(What you will do) What you return should be the complete data below, word for word, with no pictures in it.
*** Extracted entries ***
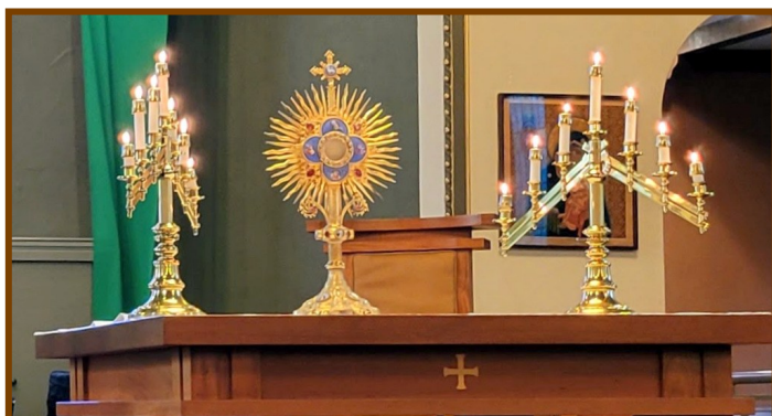
Eucharistic Adoration takes place after the 5:30 pm Mass (~ 6:00 pm) on all the Mondays of Lent.
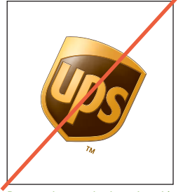
Do not change the brandmark's orientation.
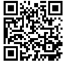
Kenwood Solution Developers
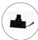
BUTTON STYLE PHOTOCELL 120-277V
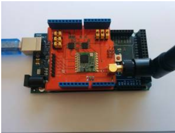
Figure 1. Arduino with LoRa Dragino shield.

Start by plugging the Dragino shields on the Arduino devices and mounting the antennas as shown in Fig. 1.
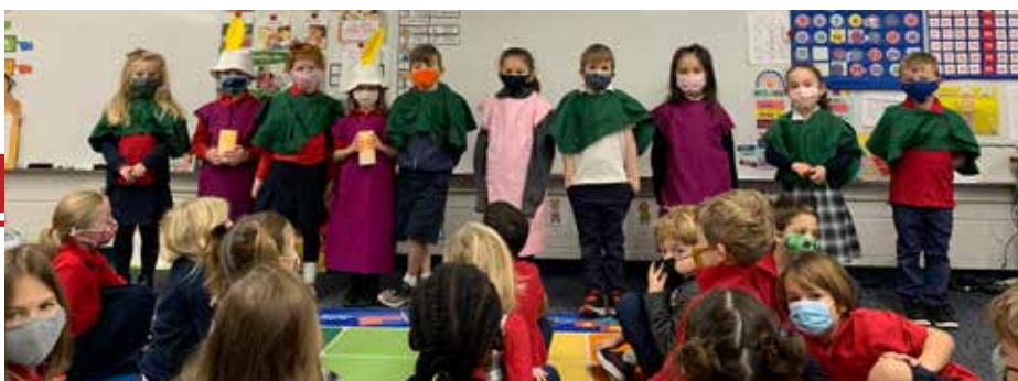
Kindergarten Advent Prayer Service
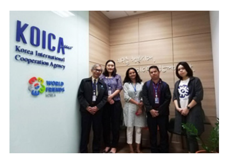
Exploratory Meeting for Future Collaboration with Korea International Cooperation Agency (KOICA), 28 January 2019, Bangkok, Thailand
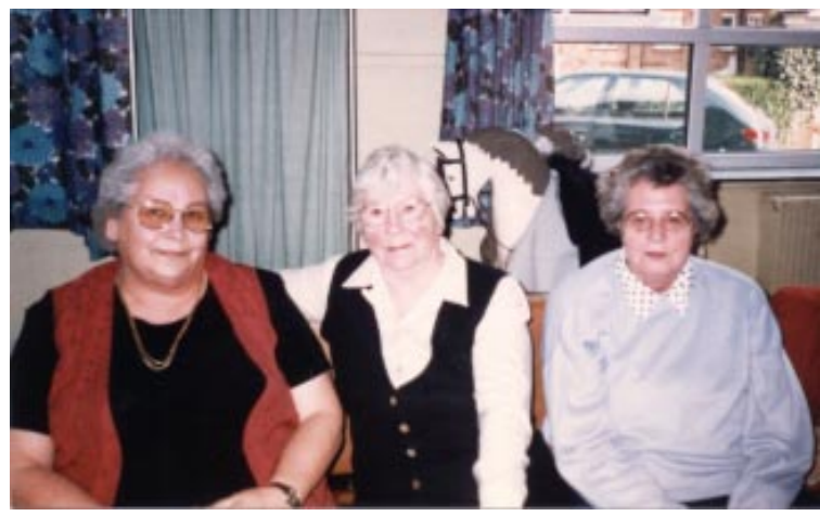
Some members of Oak Lane Friendship Group.

Opening on the 14 January is Wonderland by Michael Winterbottom, director of the under valued Welcome to Sarajevo. Wonderland is a gritty social drama set on a south London estate.
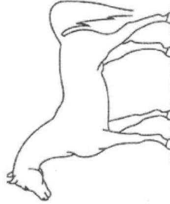
RIGHT SIDE HIND LEGS FORE LEGS
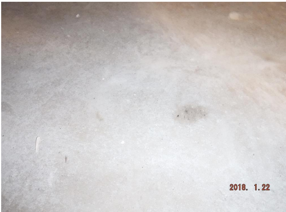
Photographic Record 4 - Showing Retanol Extreme Fine Concrete Material after testing. No visible sign of distress is evident
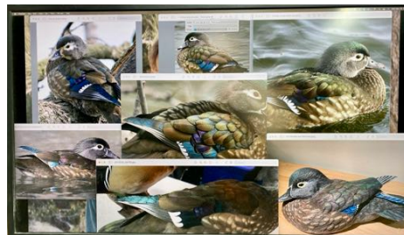
My monitor with reference photos while

A very critical part of being a wildfowl artist. You can't make a duck look real if you don't know what a real duck looks like. The closer you look, the more you see. So the more info you can get on each bird the better your end product will be. The other part of reference is the 'how to' side. Learn from the experts. Fortunately there is a lot of good material available to give you step by step guidance on carving and painting. I've listed some of those that I have found most helpful.
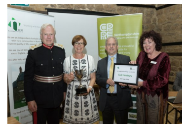
Winner of Best Large Village East Hunsbury

Congratulations to all our winners, the standards were very high. The judges very much enjoyed their visits to all the villages and were very impressed by the variety of activities taking place in them, the involvement and community spirit that was shown by all and how welcome they made the judges feel.
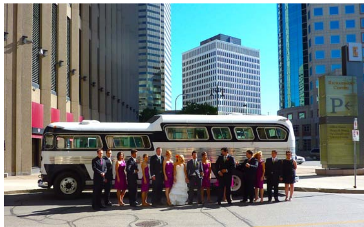
The Bride and groom together with their bridal party staged a group picture with the 1956 Scenic Cruiser at the famous corner of Portage & Main in Winnipeg.

After the ceremony, the couple and their bridal party were taken to the CBC Building, Portage & Main and throughout the historic Exchange District for wedding day pictures.
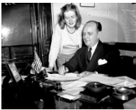
Ellis Arnall as Attorney General, 1940
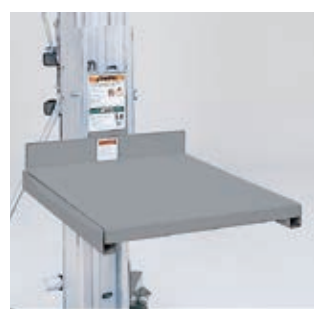
LOAD PLATFORM fits over the forks to handle odd-sized or heavy objects — no tools required for installation.
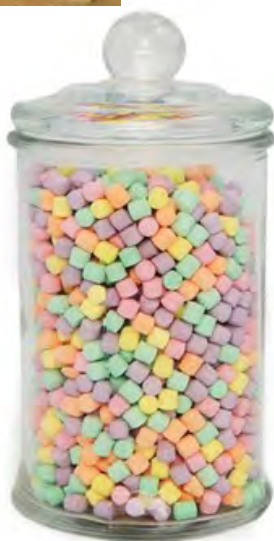
Lolly Jars (Varying in price from $4 to $5)
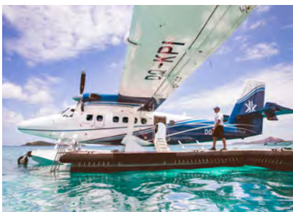
Arriving at Kokomo Private Island.
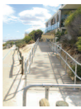
Recently installed ramp for access to North Cott toilets below Barchetta restaurant
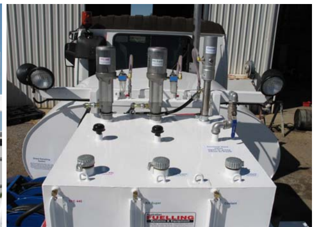
Multi-compartment tank with sight tubes, lockable fill caps. Oil tanks have filtered vents.

Oil pumps are 5:1 ratio, coolant pump is 3:1 stainless steel.
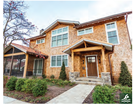
300 BAYARD AVENUE 5 Bedrooms | 4.5 Baths | Sleeps 12 Private Pool · Screened Porch Rates: Call for Rates
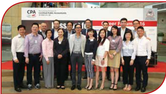
Over 700 QP and university students participated in the Career Forum 2016. Participants grasped the chance to mingle with CPAs and business leaders.
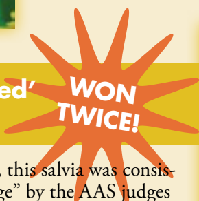
Salvia 'Summer Jewel Red' (Takii & Co.)

Winner of the Bedding Plant category, this salvia was consistently rated "superior" or "above average" by the AAS judges because of its early and abundant flower blossoms that continue from spring to fall. Each dwarf and densely branching plant remains a tidy 20 inches tall, even at maturity. As an added bonus, the bright-red color acts as a magnet for hummingbirds. 'Summer Jewel Red' is ideal for full-sun containers, mixed beds and borders where uniformity is desired.
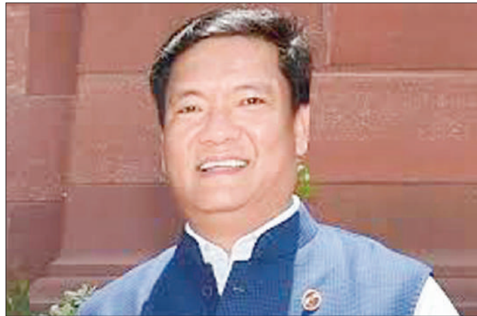
ITANAGAR, Oct 27: Chief Minister Pema Khandu on Monday paid tribute to the nation's infantry personnel, lauding their courage and commitment to safeguarding India's frontiers.

In a post on X, Khandu praised the infantry for embodying patriotism and standing as the first line of defence of the country.
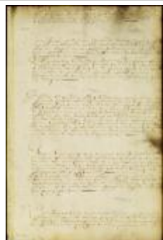
Order confirming to the consistory of the Dutch Reformed religion the church standing in Fort William Hendrick, New
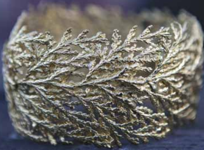
Thiya Branch Cuff by Selen Design
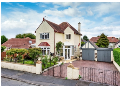
5 Knights Crescent, Tettenhall, Wolverhampton, WV6 9PZ
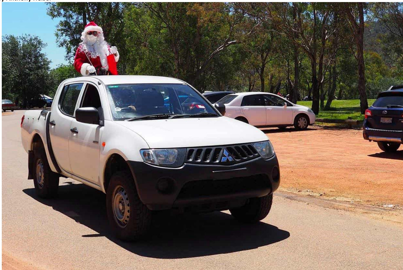
Santa drops by the CFC Christmas Party
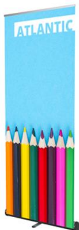
Roller Banners (varying widths)
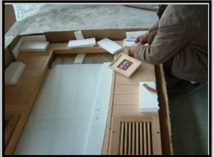
Power appliance assembly
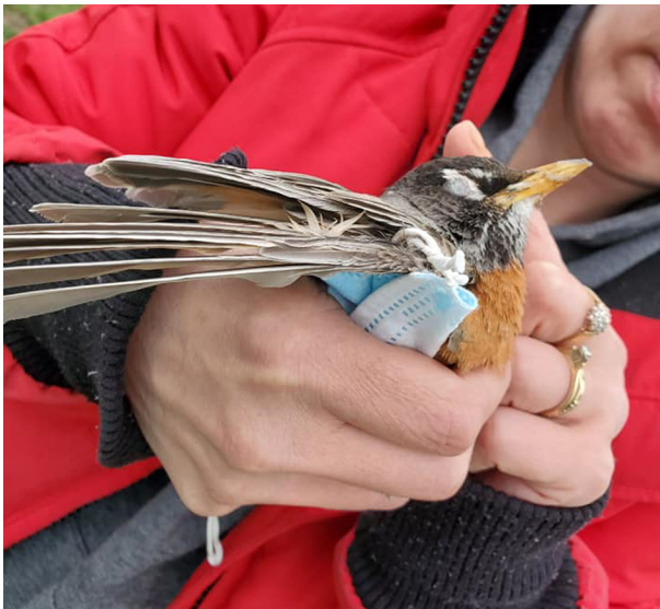
Figure 4. First victim of COVID-19 litter, an American robin ( Turdus migratorius ) entangled in a face mask at Chilliwack, BC, Canada on the 10th of April 2020.

Our observations may have been the first Dutch cases, yet the first reported victim of COVID-19 litter globally, to our knowledge, was an American robin ( Turdus migratorius ; Denisuk, 2020). This bird appears to have died after becoming entangled in a face mask at Chilliwack, BC, Canada, on the 10th of April 2020 (pers. comm. Sandra Denisuk; fig. 4). After that, a young gull ( Larus sp.) was found walking with a face mask tangled around its legs in Chelmsford, Essex, UK (RSPCA Essex South, 2020). It had struggled with the mask for two weeks and its limbs and
*** End of Extracted entries ***
(Result for this exercise)
Eucharistic Adoration takes place after the 5:30 pm Mass (~ 6:00 pm) on all the Mondays of Lent.
Do not change the brandmark's orientation.
Kenwood Solution Developers
BUTTON STYLE PHOTOCELL 120-277V
Figure 1. Arduino with LoRa Dragino shield.

Start by plugging the Dragino shields on the Arduino devices and mounting the antennas as shown in Fig. 1.
Kindergarten Advent Prayer Service
Exploratory Meeting for Future Collaboration with Korea International Cooperation Agency (KOICA), 28 January 2019, Bangkok, Thailand
Some members of Oak Lane Friendship Group.

Opening on the 14 January is Wonderland by Michael Winterbottom, director of the under valued Welcome to Sarajevo. Wonderland is a gritty social drama set on a south London estate.
RIGHT SIDE HIND LEGS FORE LEGS
Photographic Record 4 - Showing Retanol Extreme Fine Concrete Material after testing. No visible sign of distress is evident
My monitor with reference photos while

A very critical part of being a wildfowl artist. You can't make a duck look real if you don't know what a real duck looks like. The closer you look, the more you see. So the more info you can get on each bird the better your end product will be. The other part of reference is the 'how to' side. Learn from the experts. Fortunately there is a lot of good material available to give you step by step guidance on carving and painting. I've listed some of those that I have found most helpful.
Winner of Best Large Village East Hunsbury

Congratulations to all our winners, the standards were very high. The judges very much enjoyed their visits to all the villages and were very impressed by the variety of activities taking place in them, the involvement and community spirit that was shown by all and how welcome they made the judges feel.
The Bride and groom together with their bridal party staged a group picture with the 1956 Scenic Cruiser at the famous corner of Portage & Main in Winnipeg.

After the ceremony, the couple and their bridal party were taken to the CBC Building, Portage & Main and throughout the historic Exchange District for wedding day pictures.
Ellis Arnall as Attorney General, 1940
LOAD PLATFORM fits over the forks to handle odd-sized or heavy objects — no tools required for installation.
Lolly Jars (Varying in price from $4 to $5)
Arriving at Kokomo Private Island.
Recently installed ramp for access to North Cott toilets below Barchetta restaurant
Multi-compartment tank with sight tubes, lockable fill caps. Oil tanks have filtered vents.

Oil pumps are 5:1 ratio, coolant pump is 3:1 stainless steel.
300 BAYARD AVENUE 5 Bedrooms | 4.5 Baths | Sleeps 12 Private Pool · Screened Porch Rates: Call for Rates
Over 700 QP and university students participated in the Career Forum 2016. Participants grasped the chance to mingle with CPAs and business leaders.
Salvia 'Summer Jewel Red' (Takii & Co.)

Winner of the Bedding Plant category, this salvia was consistently rated "superior" or "above average" by the AAS judges because of its early and abundant flower blossoms that continue from spring to fall. Each dwarf and densely branching plant remains a tidy 20 inches tall, even at maturity. As an added bonus, the bright-red color acts as a magnet for hummingbirds. 'Summer Jewel Red' is ideal for full-sun containers, mixed beds and borders where uniformity is desired.
ITANAGAR, Oct 27: Chief Minister Pema Khandu on Monday paid tribute to the nation's infantry personnel, lauding their courage and commitment to safeguarding India's frontiers.

In a post on X, Khandu praised the infantry for embodying patriotism and standing as the first line of defence of the country.
Order confirming to the consistory of the Dutch Reformed religion the church standing in Fort William Hendrick, New
Thiya Branch Cuff by Selen Design
5 Knights Crescent, Tettenhall, Wolverhampton, WV6 9PZ
Santa drops by the CFC Christmas Party
Roller Banners (varying widths)
Power appliance assembly
Figure 4. First victim of COVID-19 litter, an American robin ( Turdus migratorius ) entangled in a face mask at Chilliwack, BC, Canada on the 10th of April 2020.

Our observations may have been the first Dutch cases, yet the first reported victim of COVID-19 litter globally, to our knowledge, was an American robin ( Turdus migratorius ; Denisuk, 2020). This bird appears to have died after becoming entangled in a face mask at Chilliwack, BC, Canada, on the 10th of April 2020 (pers. comm. Sandra Denisuk; fig. 4). After that, a young gull ( Larus sp.) was found walking with a face mask tangled around its legs in Chelmsford, Essex, UK (RSPCA Essex South, 2020). It had struggled with the mask for two weeks and its limbs and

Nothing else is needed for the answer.